Review: Katabasis
This is going to be a boring review. I listened to this audiobook, got to the end, found it so utterly unsatisfactory that it deleted itself from my memory.
That’s Katabasis for you.

Let’s begin: I have a soft spot for Hell. I read the Cliffs Notes for Dante’s Inferno when I was 10, then the actual work many times since I was mid-teens. Orpheus, Hades Town, you name it–I like people’s takes on Damnation.
On the whole, I find it much more reasonable than Heaven. Heaven seems boring. I’m sure I’ll come to regret those words someday.
In any case…Katabasis.
Further on the “Harold with a mayfly brain”–I have no memory of anyone recommending this book to me. It just showed-up on my Wishlist on Audible, likely from a NPR Fresh Air book recommendation. I consumed it over about a week, and it went through the full arc of (1) Neat Premise, (2) Obvious middle, (3) What’s even happening, to (4) Oh right, there needs to be an ending.
Neat Premise
In the novel, we open on the protagonist and narrator, American magical prodigy Alice Law, preparing to jump from a pentagram drawn on the floor of a room at Cambridge University to Hell/Hades to retrieve her Magick Studies Professor so he can approver her Doctoral status in magic. Just as she’s about to start the incantation, Peter Murdoch, her rival and “Golden Boy” student bursts in and insists on coming with.
The price to go to hell? Just half your remaining lifespan, assuming you ever get back out in the first place.
Oh well. They’re 22 and figure 30 years of their remaining lifespan is fine. They decide to make a soiree of it, and go together.
Obvious middle
Once in Hell, they enter the first canto, Limbo and it’s not so bad. They encounter some familiar characters the way Dante would’ve. Various “levels” match Dante’s experience: Lust, Greed, Wrath, etc. Some have some novel representations and inhabitants.

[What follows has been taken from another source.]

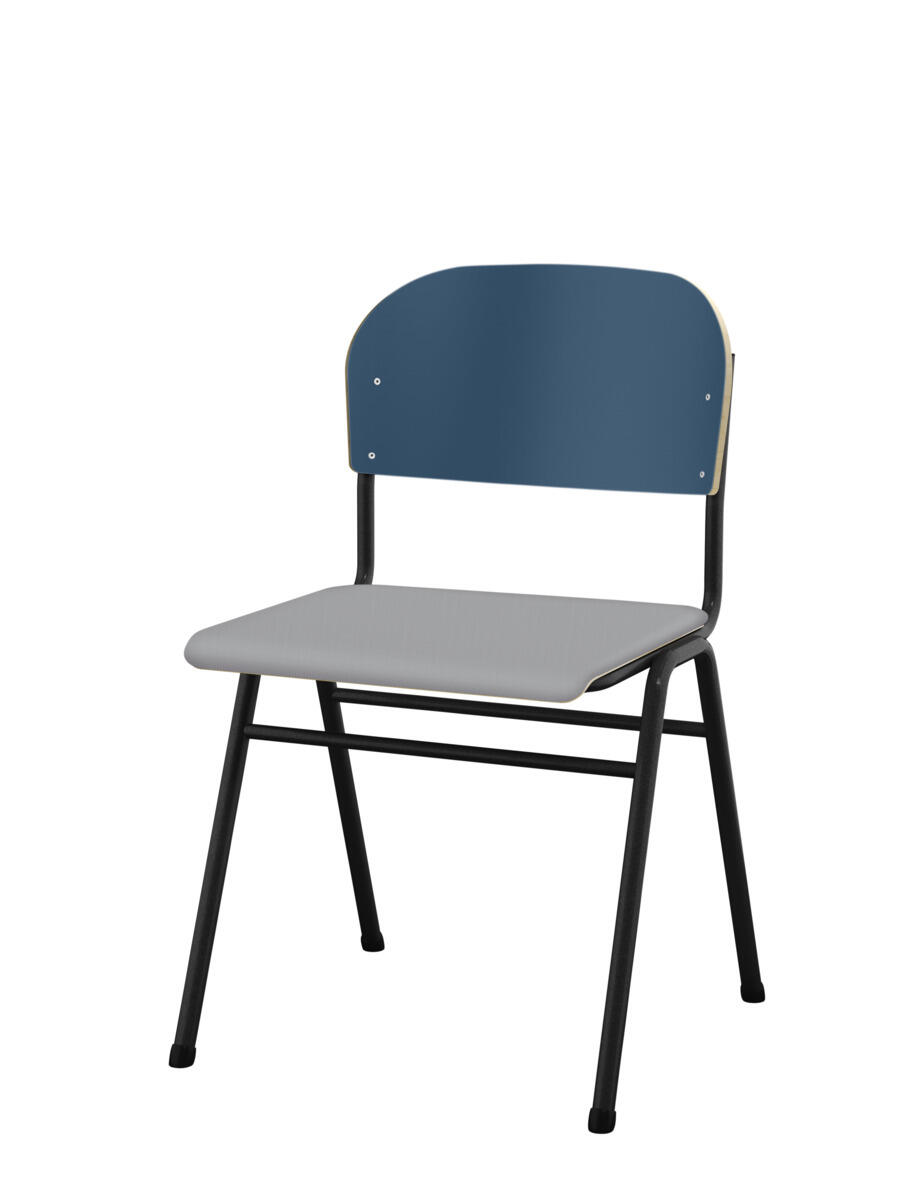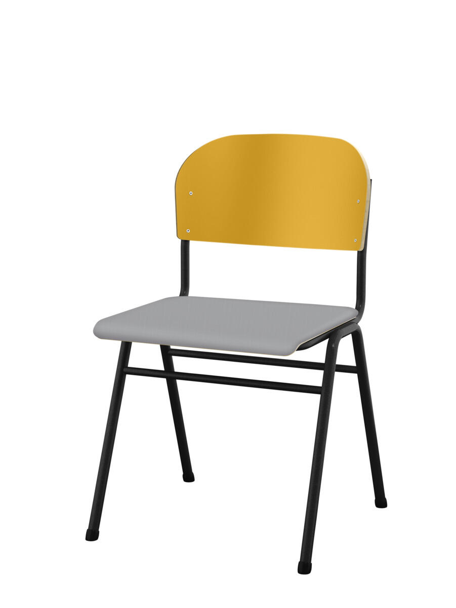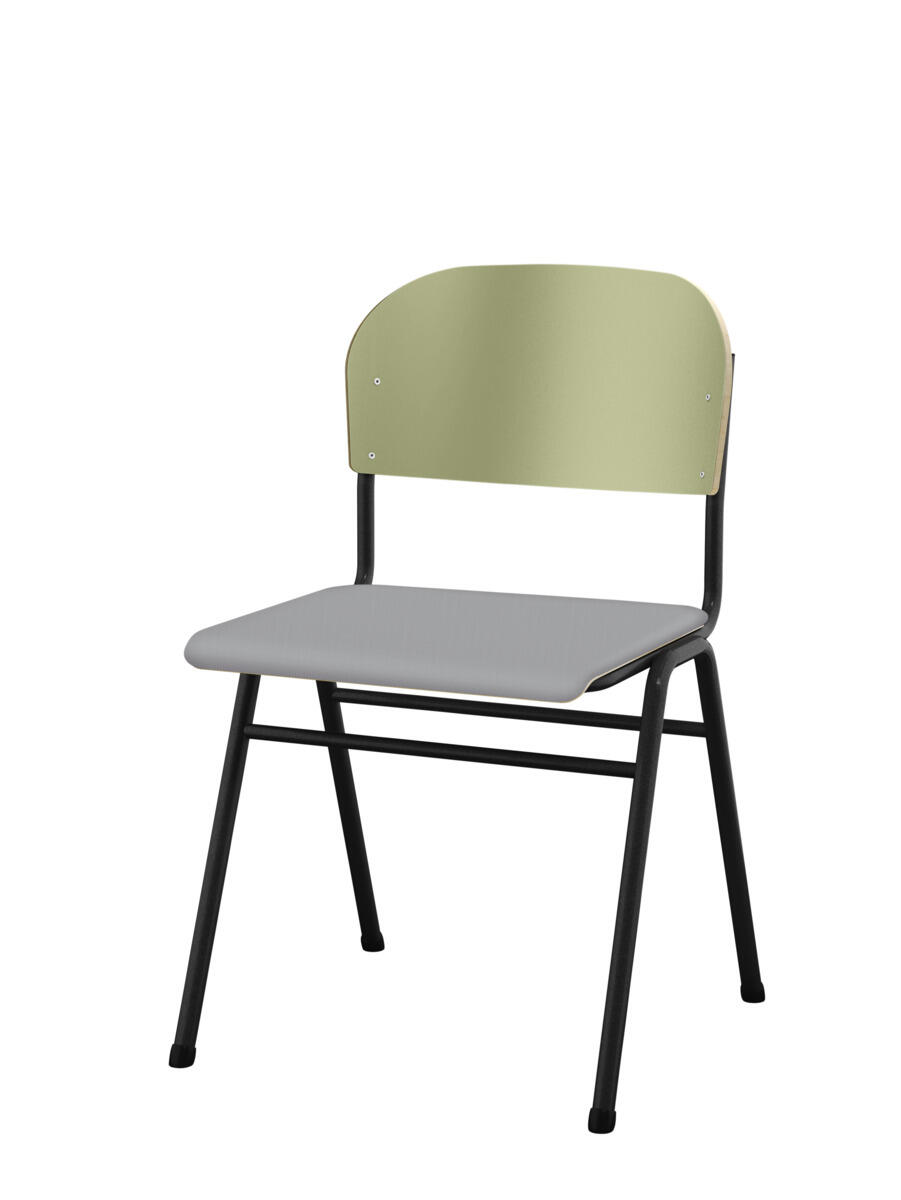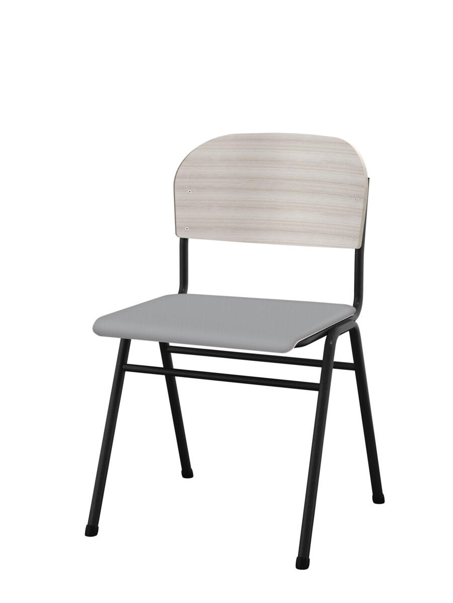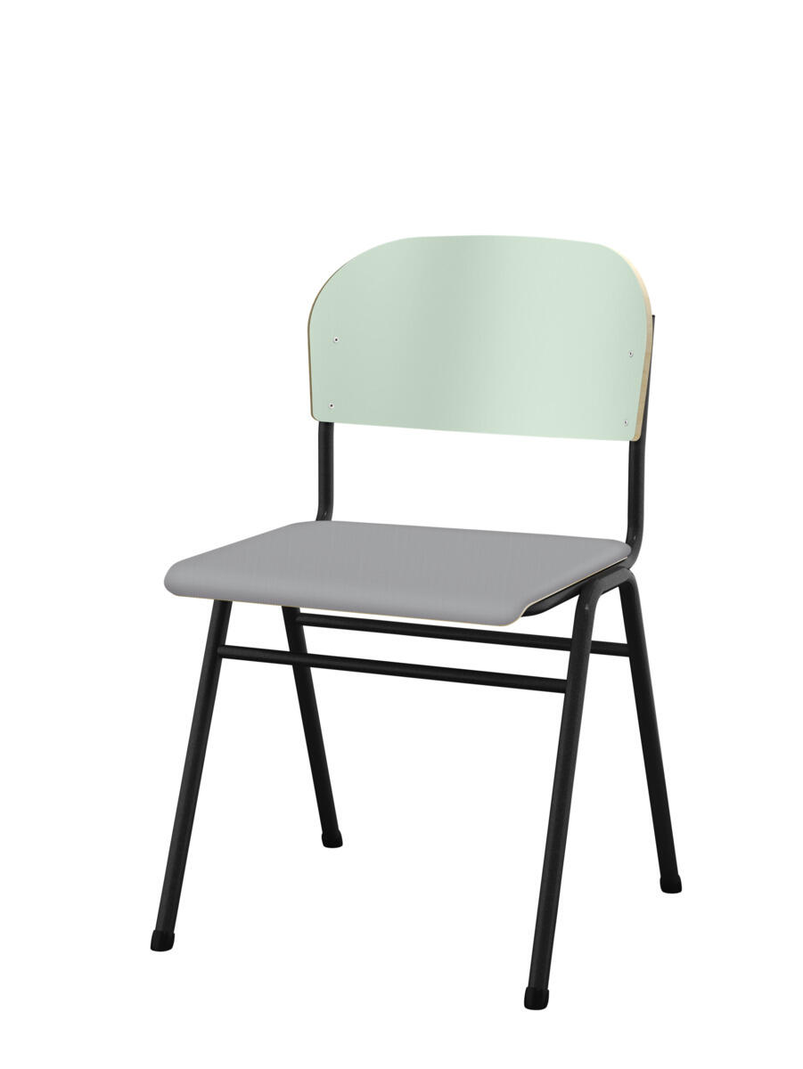 Kan stables. Lyddæmpende dupper. Justerbar fodstøtte. Siddehøjde 54 cm. Sædemål: B36xD35 cm. Vægt 5,3 kg. Sæde og ryg i højtrykslaminat. Sortlakeret stel RAL 9005.

For those who’ve read Dante, it’s interesting but not as zesty.
What’s even happening?
So where things veer is when the main internal and external conflicts are introduced. Initially the rivalry between Peter and Eve takes the stage, but then an “evil” set of magicians in hell becomes the boogeyman, the “Terminator”-style pursuers that hound our protagonists.
Things really fall off the wheels, and honestly I wonder if the author is trying to make us feel what it’s like to be listless in Hell itself. Because I just about put the book down.
Oh right, an ending
So Eve reaches the city of hell, Dis, gets tempted, breaks free, meets umm…Satan, I guess? It’s rushed, narrative threads get tied up.
Summary Review
Overall, Katabasis is like alot of Fantasy/Sci Fi I’ve been reading lately. It sets-up a terrific premise, and then the characters just don’t feel real. The book spends hours of en medias res flashbacks explaining just WHY two super-bright magicians are obsessed with going to Hell to retrieve a guy they both hate.
Ultimately it rings hollow and I wish I had the hours I spent listening back. There are some novel ideas here but they don’t go anywhere for me. I can’t recommend Katabasis, at all.